The BigQuery team rolled out support for geography type a while ago and they have never stopped improving performances and GIS (Geographic Information System) functions. This allows users to run complex geo-spatial analytics directly in BigQuery harnessing all its power, simplicity, and reliability.

Hold on your keyboard (or your screen if you are reading this on a mobile device).

Now you can cluster tables using a geography column. Say what!!!!

This is game changing for users working heavily with geodata. By clustering your table on a geography column, BigQuery can reduce the amount of data that needs to read to serve the query. This makes queries cheaper and run faster when filtering on clustering column.

Let’s see the benefits of clustering table using geography column with an example. We will use one of the great public datasets curated by Felipe Hoffa. We will use the weather_gsod specifically the two tables all and all_geoclustered.
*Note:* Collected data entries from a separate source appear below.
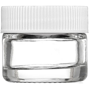 Thick Walled Clear Glass Sampling Jar - White Threaded Cap with Liner - 5 Gram - 5 mL. - 0.17 oz. / 250 Assembled Jars. Sample or store various product formulas in these glass 5 gram jars that feature threaded caps and Polyethylene cap liners.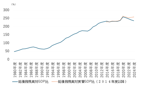 ちなみに、名目GDPに代え、実質GDPを分母に総債務残高比を計算してみると、同比率は低下しておらず、名目GDP比の低下は物価上昇の反映であることが分かる(前掲参考2参照)。
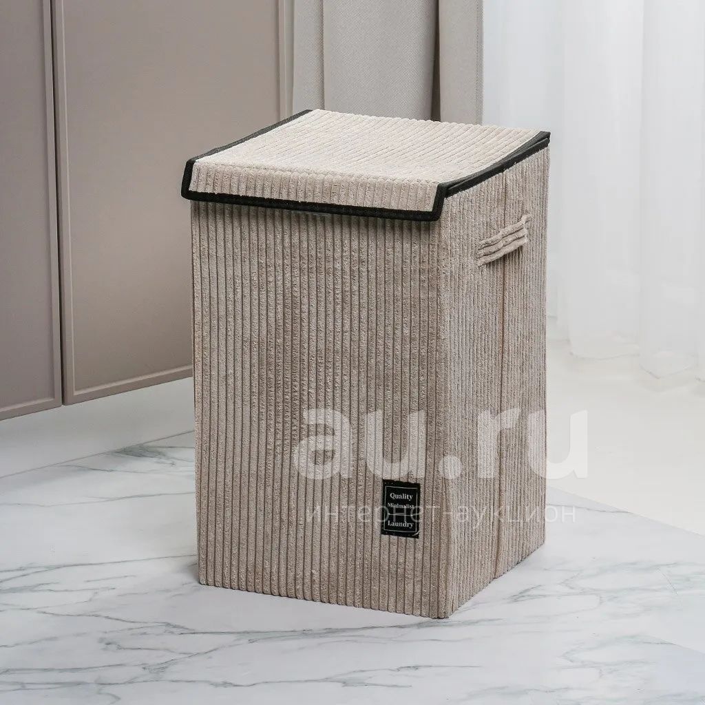 Большая корзина для хранения 33×33×53 см с крышкой из серой фланели: стильное решение для порядка в доме, на даче и в детской. Складная, с ручками — легко перемещать!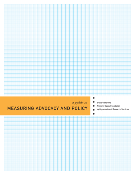 "The overall purpose of this guide is twofold. To help grantmakers think about and talk about measurement of advocacy and policy, this guide puts forth a framework for naming outcomes associated with advocacy and policy work as well as directions for evaluation design. The framework is intended to provide a common way to identify and talk about outcomes, providing philanthropic and non-profit audiences an opportunity to react to, refine and adopt the outcome categories presented. In addition, grantmakers can consider some key directions for evaluation design that include a broad range of methodologies, intensities, audiences, timeframes and purposes." (Introduction, page 1)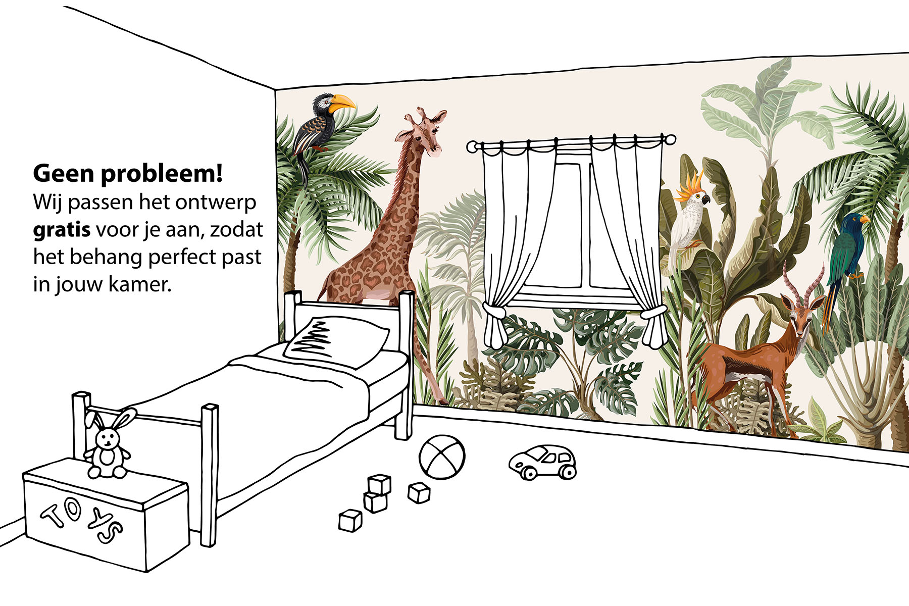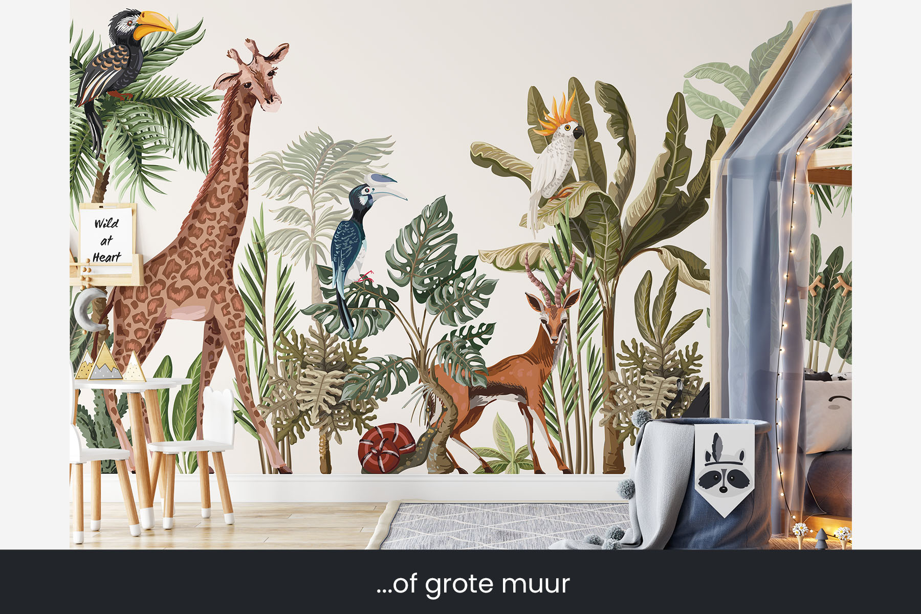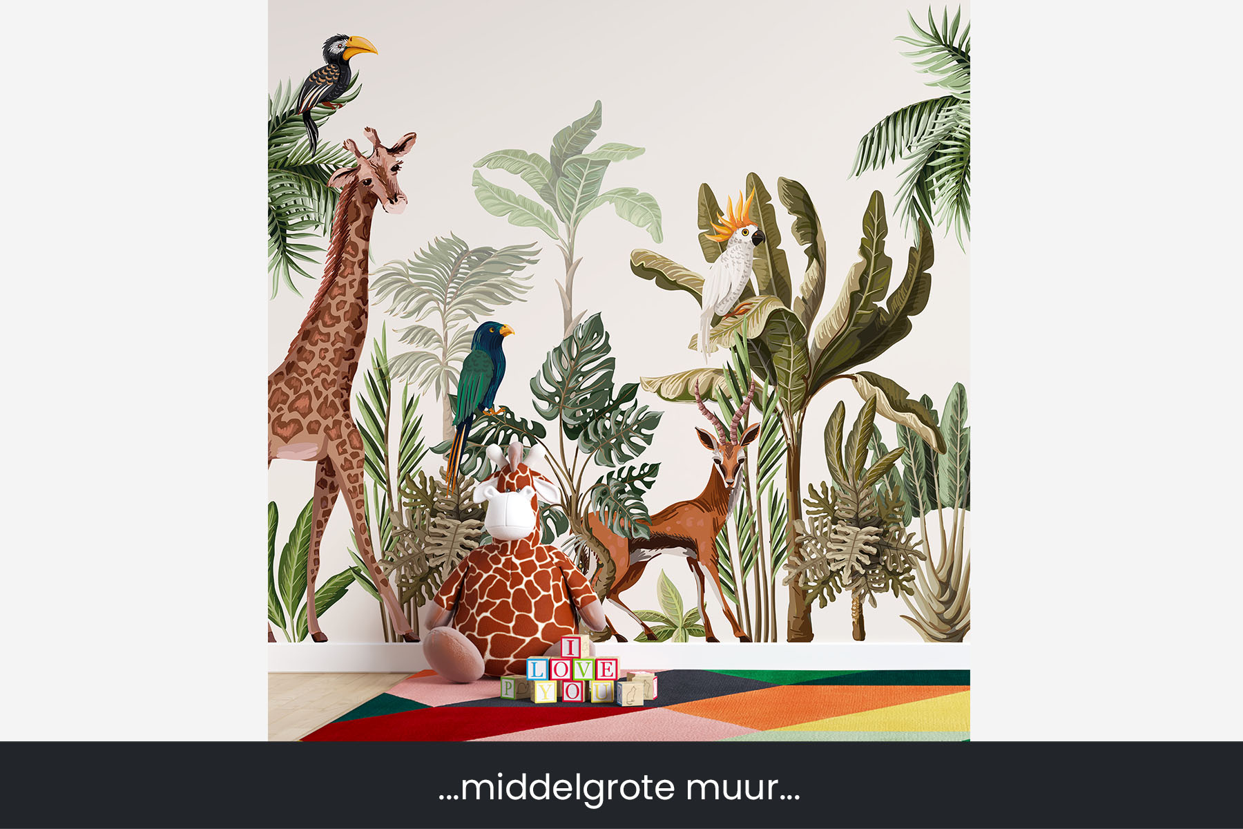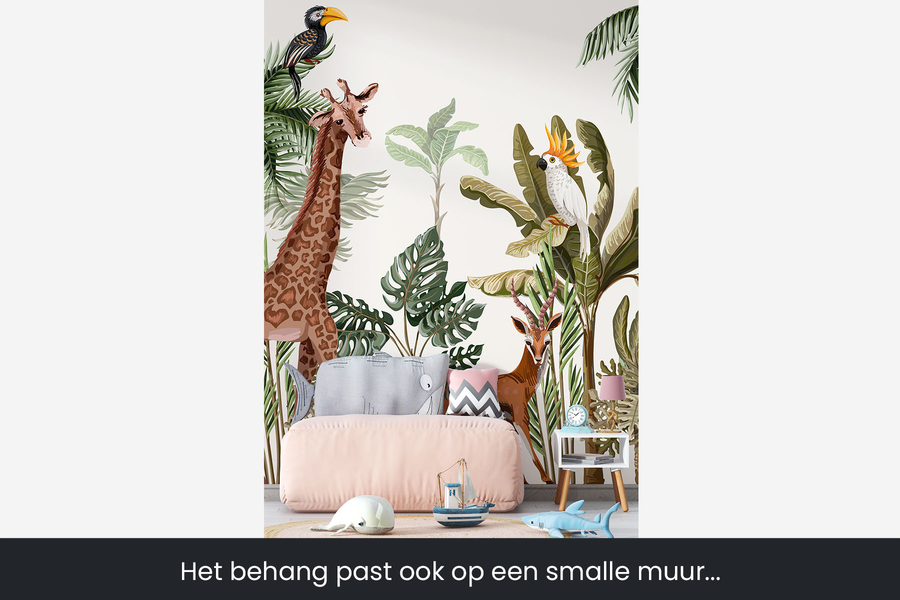Met dit behang ben je de koning van de jungle! Tussen de bladeren, lianen en bloemen zijn er veel dieren te ontdekken, zoals de baviaan, kakatoe en natuurlijk de giraffe die niet te missen is. We drukken deze toffe schildering op sterk, krasvast en waterproof behang, zodat je zoon of dochter er jarenlang plezier van heeft.[/vc_column_text][porto_block id="4285" name="contact-behang"][vc_empty_space height="20px"][/vc_column][vc_column width="1/2"][porto_block id="1002" name="technische-details-behang"][/vc_column][/vc_row][vc_row][vc_column width="1/2"][vc_column_text]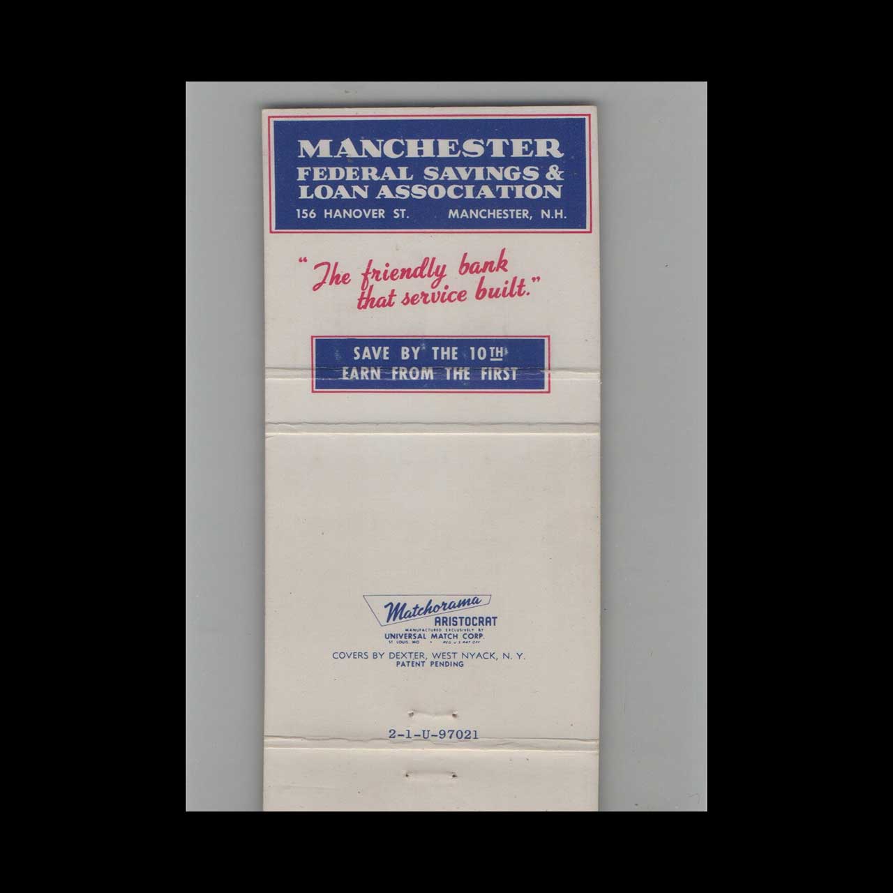 Vintage matchbook cover advertising Full Length Manchester Federal Savings & Loan Manchester NH.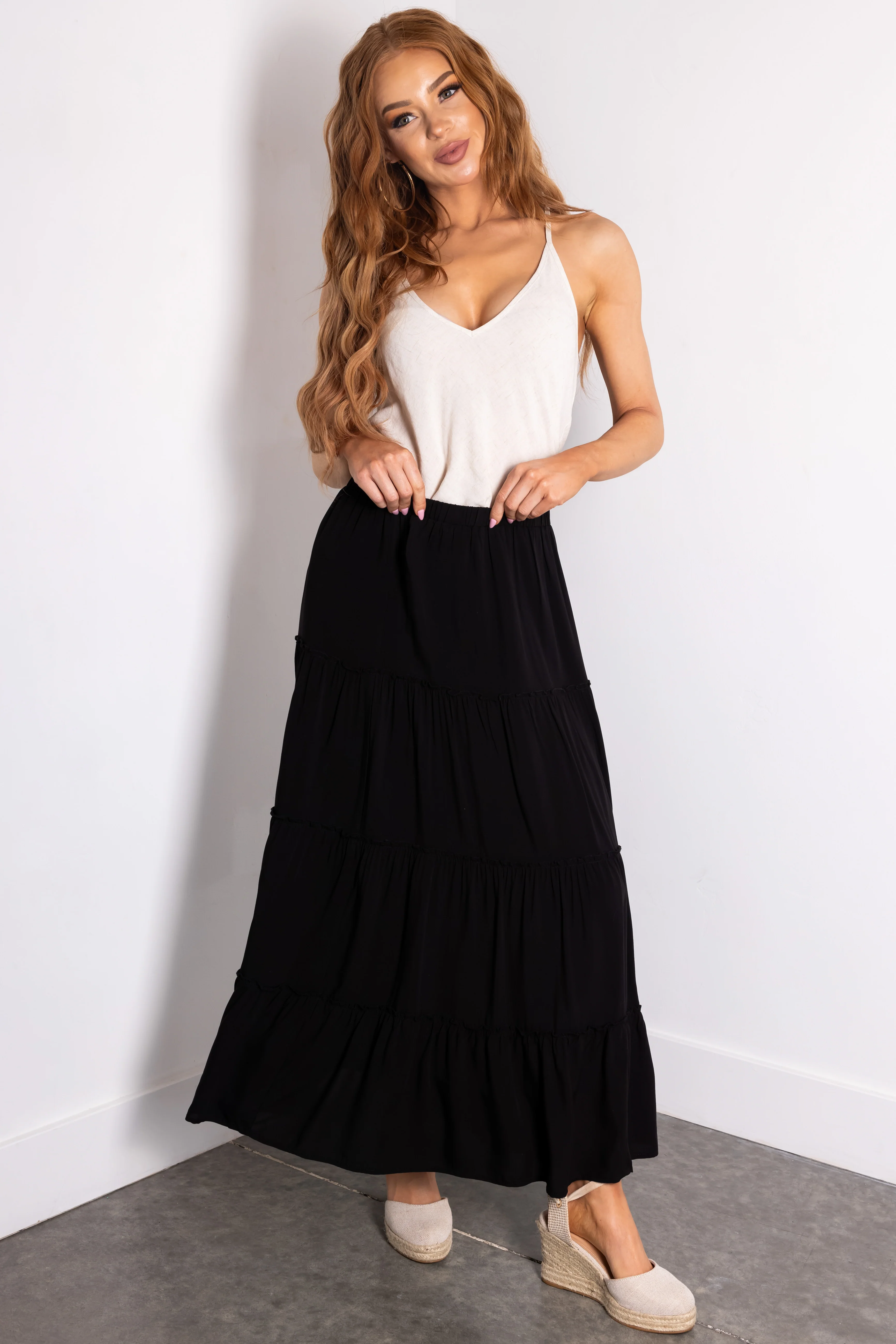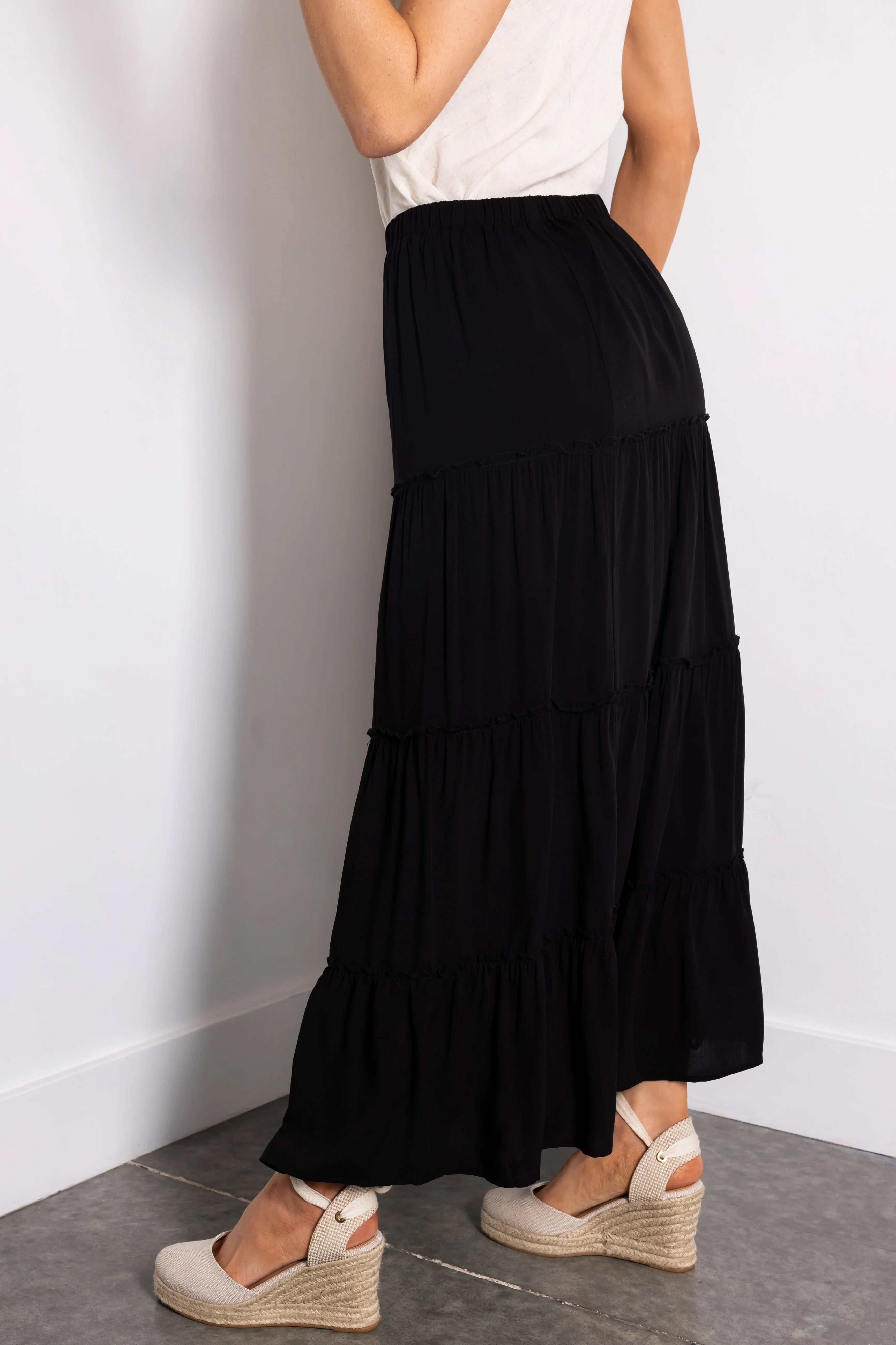 Black Tiered Elastic Waist Woven Maxi Skirt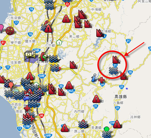 據臺灣《聯合報》報道,高雄縣的六龜鄉草南村、甲仙鄉小林村及旗山鎮南寮巷三十多戶村民,昨天疑遭土石流淹沒。六龜鄉中興村傳八民宅遭土石流淹沒,脫險的高雄縣消防局第三大隊長蘇定國說,十六名住戶生死未卜。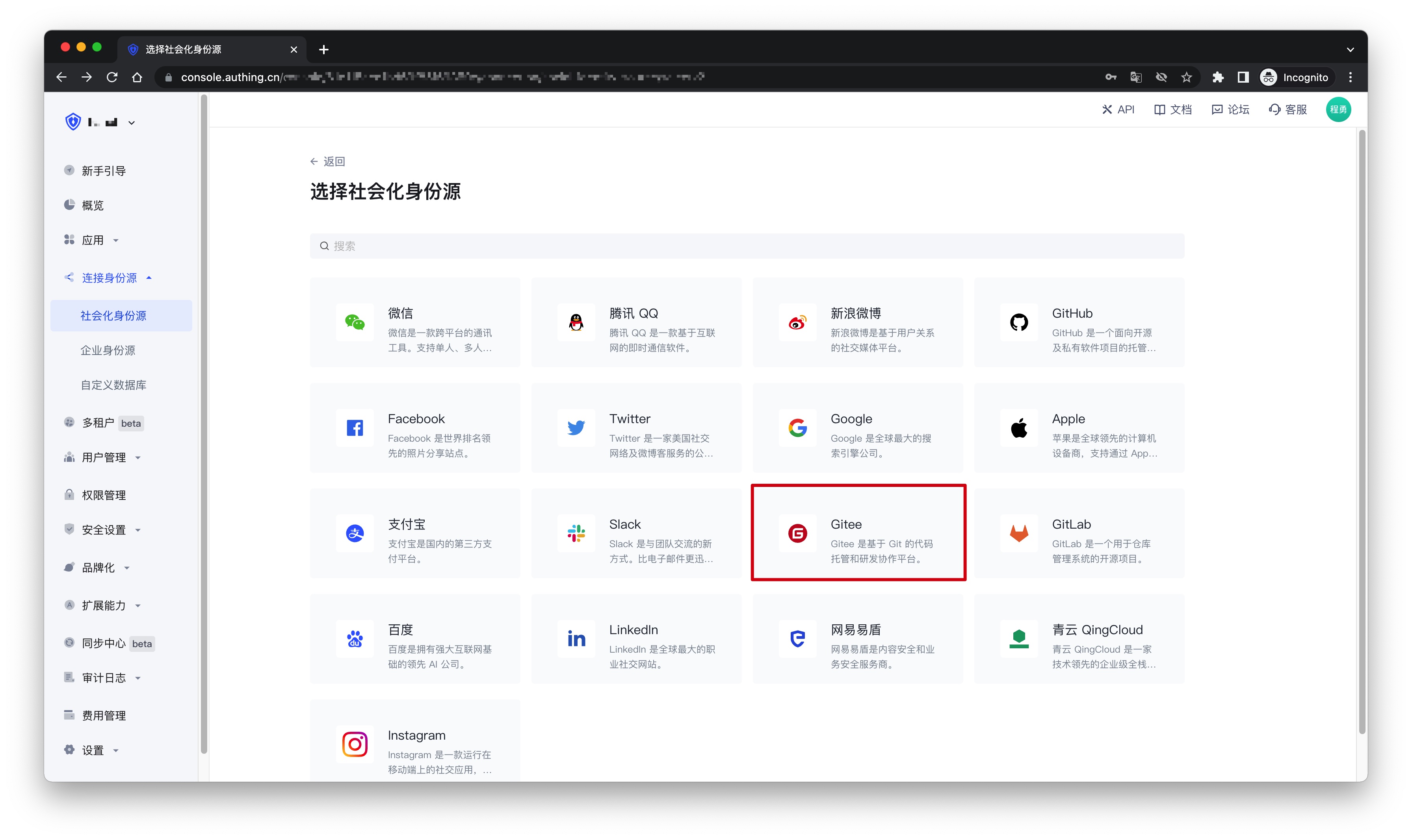 2.2 在「选择社会化身份源」页面,点击「Gitee」卡片。

Let’s say that we want the all-time minimum and maximum temperature within the Greater London area for each station. Our query will look like this:

select
name,
min(temp) as min_temp,
max(temp) as max_temp
from `fh-bigquery.weather_gsod.all`
where st_within(point_gis, st_geogfromtext(‘POLYGON((-0.5191087546253357 51.69057940987663,-0.5850267233753357 51.530249275252345,-0.5685472311878357 51.33504597185959,-0.19226549290658568 51.2285324250183,0.20049573756216432 51.271511154557565,0.3185987649059143 51.55074848767514,0.2856397805309143 51.64628942375177,0.04943372584341432 51.72461916884517,-0.5191087546253357 51.69057940987663))’))
group by 1

Results:

name                min_temp  max_temp
ST JAMES PARK 26.3 83.2
KENLEY AIRFIELD 18.0 82.8
HEATHROW 18.6 83.4
CITY 22.3 92.2
BLACKWALL 37.0 62.2
NORTHOLT 18.4 84.1
BIGGIN HILL 15.5 90.3
PURLEY OAKS 23.0 81.7
LEAVESDEN 22.3 89.1
LONDON WEA CENTER 20.0 85.2
KEW-IN-LONDON 23.3 82.4

This query reads 9.02GB of data. Now let’s see how the same query perform on the clustered table:

select
name,
min(temp) as min_temp,
max(temp) as max_temp
from `fh-bigquery.weather_gsod.all_geoclusterd`
where st_within(point_gis, st_geogfromtext(‘POLYGON((-0.5191087546253357 51.69057940987663,-0.5850267233753357 51.530249275252345,-0.5685472311878357 51.33504597185959,-0.19226549290658568 51.2285324250183,0.20049573756216432 51.271511154557565,0.3185987649059143 51.55074848767514,0.2856397805309143 51.64628942375177,0.04943372584341432 51.72461916884517,-0.5191087546253357 51.69057940987663))’))
group by 1

The result is obviously the same but, this time, BigQuery reads just 98.97MB of the data!!!

So switching to the geo clustered table made this query almost 100 times cheaper.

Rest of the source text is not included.